So, the cyclone off the Pilbara coast didn’t seem to do a lot, in fact it turned out to be a bit of a flop. I decided to leave the coast and head inland again as the predicted torrential rain hadn’t eventuated.
The Kennedy Range is quite startling. Located about 170km inland from Carnarvon, you approach on a dirt road from the south. This impressive range of flat-topped mesas suddenly appears and rises majestically; it looks like the entire land surface was pushed up by a giant hand.
Aboriginal people have a long history in the area. The range features prominently in local tradition.
Pastoral leases were taken up in the surrounding areas, from the 1870’s onwards and many still operate today. However, there is very little water here. Because of this, heavy sheep grazing did not occur over much of the range itself so the original environment remains relatively unscathed. This makes it pretty unique in this area.

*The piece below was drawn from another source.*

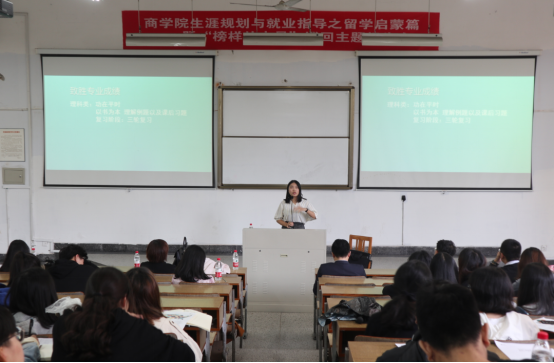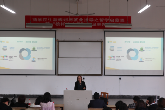今日, 91沈先生 生涯规划与就业指导留学启蒙之“榜样的力量”活动,在91沈先生 包氏教学楼四号阶梯教室成功举办,共计180余位商院各年级学生参加了本次活动。此次活动邀请了15级优秀学生代表吴金红同学、知名留学导师徐娇老师和赴美实习实践项目指导霍老师三位嘉宾,他们分别从学生、海外大学和海外企业三个维度出发,为同学们系统科学地介绍了留学相关知识。

The escarpment towers 100 metres over the surrounding plains. Seasonal rains have carved massive gorges into the mesas and several of the streambeds form rocky paths to explore these amazing ravines.
Temple Gorge
It was hot when I arrived, so I put off walking into Temple Gorge until the late afternoon. The dry creek bed forms this rough walk. Not far into the gorge, you are confronted by the towering rock face known as The Temple.
As you go deeper into the gorge, the walls get steeper and the chasm narrower. Here, water has carved a path out of the solid rock and apart from a bit of clambering up the occasional (dry) waterfall, the way is pretty smooth.
The late afternoon light made the rocks of the gorge glow a deep red colour, which was profoundly beautiful to see.
Sunrise View
Getting up early, I wandered up a steep path to a lookout to catch the sunrise. This was amazing to see, but I was not really looking at the sky but the incredible cliff faces opposite.
As the sun slowly broke over the distant horizon, I watched the colours of the massive cliffs turning from dull grey to a deep crimson and then to amazing amber as the sun rose.
It quickly became obvious it was going to be another hot day as soon as the sun rose, but I was glad I had made the effort to walk up to see this amazing spectacle.
Honeycomb Gorge
The walk into Honeycomb Gorge is impressive.
First you wander through an ancient rock fall littering the landscape, skirting massive boulders fallen over millennia from the cliffs above. Then you enter an amazing natural amphitheatre formed by a towering cliff face.
During wet weather, a waterfall would cascade down the cliff, although it was totally dry while I was here.
At the base of the massive cliff, the rock face is pockmarked by remarkable honeycomb into the sheer rock walls. Formed over eons of time, these cavities have been eroded into the red walls by wind and water spray.
It was amazing to wander in this overpowering gorge, with the red cliffs towering over you, glowing against the deep blue of the sky.
A couple of Wedge-tailed Eagles were gliding on the early morning thermals and I managed to photograph one as it came in to land on the high precipice. I did wonder if they had a nest up there, but I couldn’t see one from the cliff base.